A common question we get asked is how to call a plug-in from another plug-in. It is possible to run wasm in interpreted mode inside an Extism plugin but this is very experimental and there are some downsides to this. This repo demonstrates a pattern I'm calling "inter-plugin communication" in reference Inter-process communication.
It works in a similar way. The host application acts as the OS and the wasm plugins act as the processes. The host facilitates communication b/w the processes.
Requires poetry:
make build
make run
I wrote the host in python here because it's easy to have global mutable data, but you can write this in any of the host languages that support host functions.
The host implements 2 Host Functions in python:
- register_plugin(i64) -> i64
- call_plugin(i64, i64, i64) -> i64
This function allows any Extism plugin to initialize another. You can think of this as analogous to the exec syscall and the plugin id as analogous to a process id. There is a global dictionary REGISTRY which has type dict[int, Plugin]. The function creates a plugin, adds it to the registry, then gives the plugin back an ID as a handle to this plugin.
@host_fn
def register_plugin(plugin, input_, output, _user_data):
global REGISTRY
global PLUGIN_ID
name = plugin.input_string(input_[0])
# we just look up the wasm file by name, you can make your own lookup logic here
wasm_file_path = pathlib.Path(__file__).parent.parent / "plugins" / f"{name}.wasm"
config = { "wasm": [{"path": str(wasm_file_path)}], "memory": {"max": 5} }
plugin = Plugin(config)
REGISTRY[PLUGIN_ID] = plugin
output[0].value = PLUGIN_ID
PLUGIN_ID += 1Now that we have a plugin running and an id, we can call it with call_plugin. Because all Extism plugins have a consistent interface, this should work for any Extism exports. We just need to give the host the plugin-id, the function name, and the input. It will return a pointer to the output. The implementation is simple:
@host_fn
def call_plugin(plugin, input_, output, _user_data):
global REGISTRY
plugin_id = input_[0].value
func_name = plugin.input_string(input_[1])
# this is a string in this demo but can be anything so we keep it as bytes
input = plugin.input_bytes(input_[2])
result = REGISTRY[plugin_id].call(func_name, input)

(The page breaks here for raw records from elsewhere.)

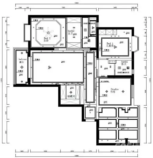 不能光有天花布置圖哦,天花尺寸圖也不可或缺。這張圖上要標示每個具體吊頂制作的長寬尺寸,燈具安裝的具體位置。
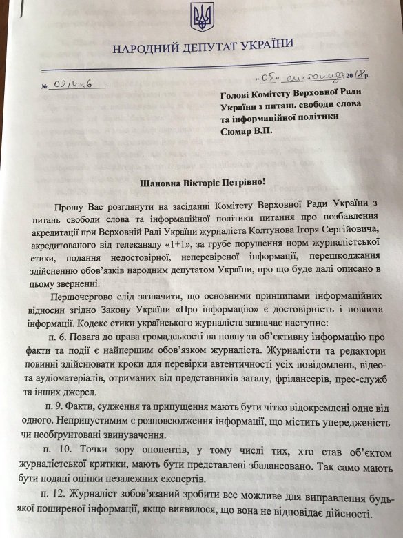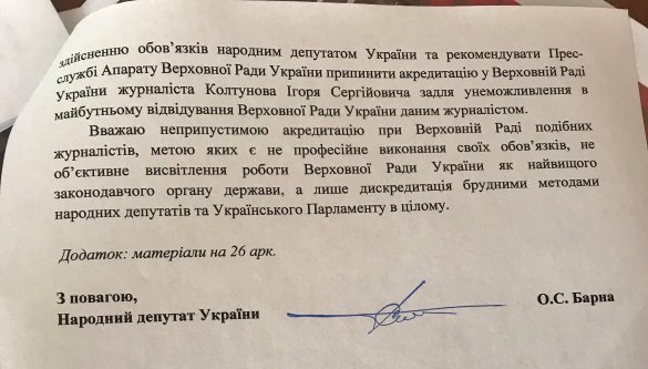 В частности, Олег Барна просит председателя комитета рекомендовать пресс-службе аппарата ВР прекратить аккредитацию  журналиста Игоря Колтунова "для предотвращения в будущем посещения Верховной Рады Украины этим журналистом". Барна считает, что журналист непрофессионально выполняет свои обязанности, а его целью якобы является дискредитация нардепов и парламента, а не освещение их работы.
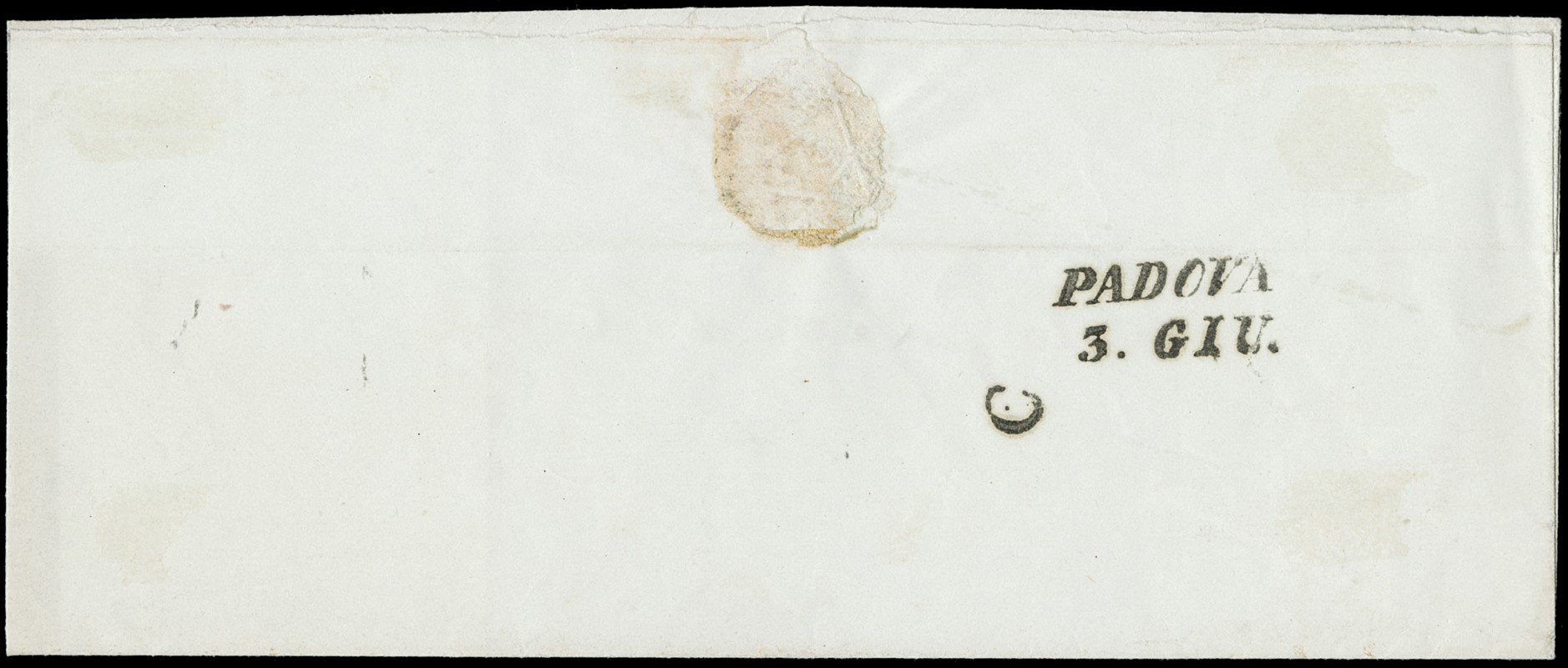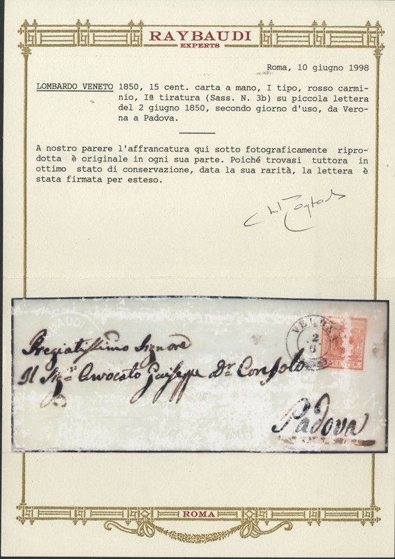 1850 - 15c rosso carminio I tir. da 'VERONA 2/6' (1850) a Padova. Secondo giorno d'uso. Splendida. CF Raybaudi (Sassone 3b - Euro 10.000)
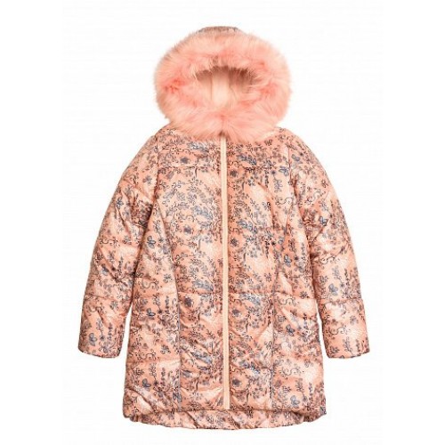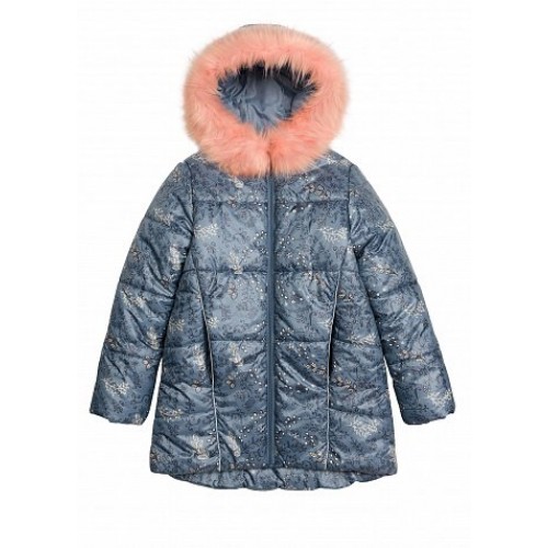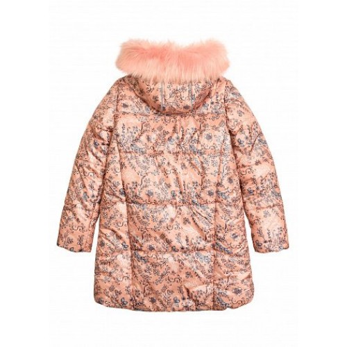 Куртка осенняя О - образного силуэта. Температурный режим: ** (до -15С). Наполнитель: синтепон (обеспечивает хорошие теплозащитные свойства в осеннюю непогоду). Ткань куртки имеет  водоотталкивающую пропитку, которая не дает  промокать во время дождя и одновременно отталкивает грязь с поверхности ткани. Капюшон не отстёгивается. Модное сочетание - ажурный цветочный принт и цветной мех (отстёгивается)! Перепад длин между между полочкой и спинкой. Внутренние манжеты из рибаны препятствуют задуванию ветра. Карманы в швах на потайной молнии. Световозвращающие канты.
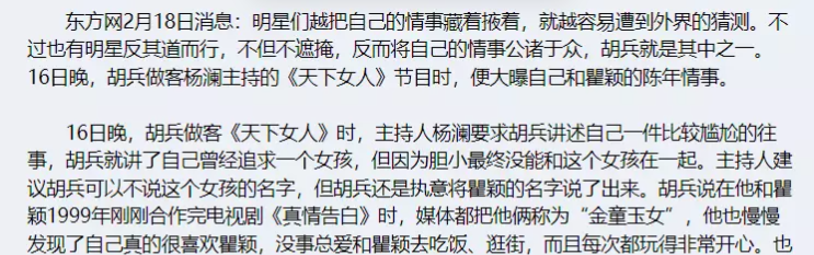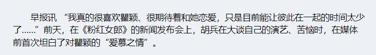 其实胡兵很想回答是的,可事实他们并没有谈恋爱。
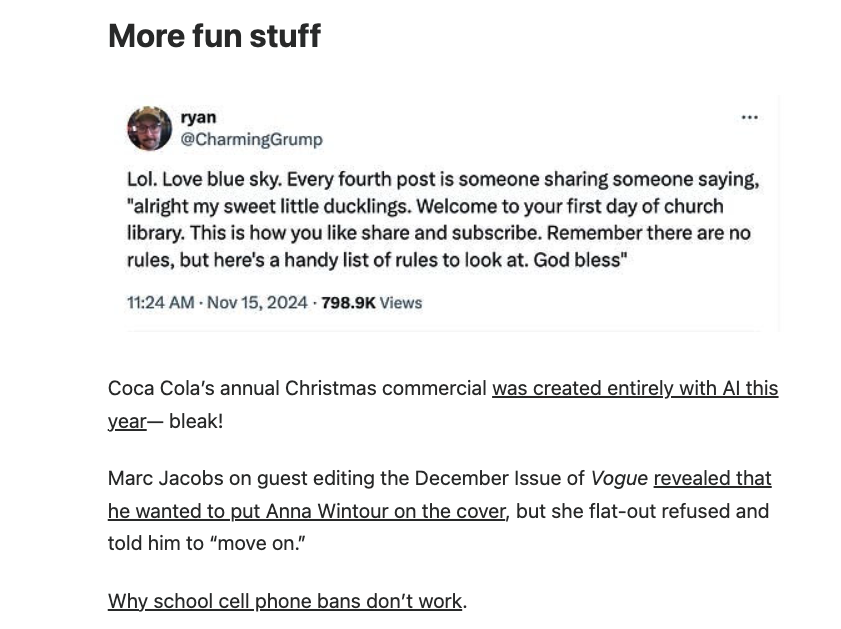 Realizing I can’t keep up with the fast-moving internet culture—especially Gen Z culture—this has become a welcome, albeit sometimes disturbing, value-add to my inbox.
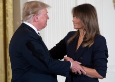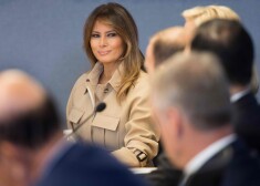 С начала месяца она уже три раза успела выйти в свет и доказать всем, что чувствует себя прекрасно и поводов для беспокойства нет. Мелания вместе со своим супругом Дональдом Трампом принимала в Белом доме испанских монархов: короля Филиппа VI и королеву Летицию, которые несколько дней назад прилетели в США.

plugin.return_bytes(output[0], result)I wrote the plug-ins in rust, but we can use any PDK that supports host functions. On the plug-in side, we first need to register the external host functions:
extern "C" {
fn register_plugin(ptr: u64) -> u64;
fn call_plugin(id: u64, func: u64, input: u64) -> u64;
}Now let's use use them to register a count-vowels plugin then call count_vowels function on it:
#[plugin_fn]
pub fn run(_: ()) -> FnResult<String> {
// register a count_vowels plugin
let name = "count_vowels".to_string();
let m = Memory::from_bytes(name.as_bytes());
let id = unsafe { register_plugin(m.offset) };
// get back an id to the plugin
// now we can call it:
let func = "count_vowels".to_string();
let funcm = Memory::from_bytes(func.as_bytes());
let input = "Hello, World!".to_string();
let inputm = Memory::from_bytes(input.as_bytes());
let result = unsafe { call_plugin(id, funcm.offset, inputm.offset) };
// get the string result back from the plugin
let m = Memory::find(result).unwrap();
Ok(m.to_string()?)
}There are lots of considerations when applying this pattern.
First you must consider the overhead of all this indirect copying. You should measure and optimize as best as you can. You might be able to optimize this with some extra host functions.
Second you should consider security and resource problems. Giving a plugin the ability to spin up as many plugins as it wants is probably not a good idea in production. You should apply some kind of access control to make sure it can only load the plugins you want, and maybe limit how many it can load and which functions it can call. Creating a more specific API than just call_plugin might help you narrow down how the plugin can interact with others.
Third, you may want to consider adding a free or some way to deallocate plugins in the registry.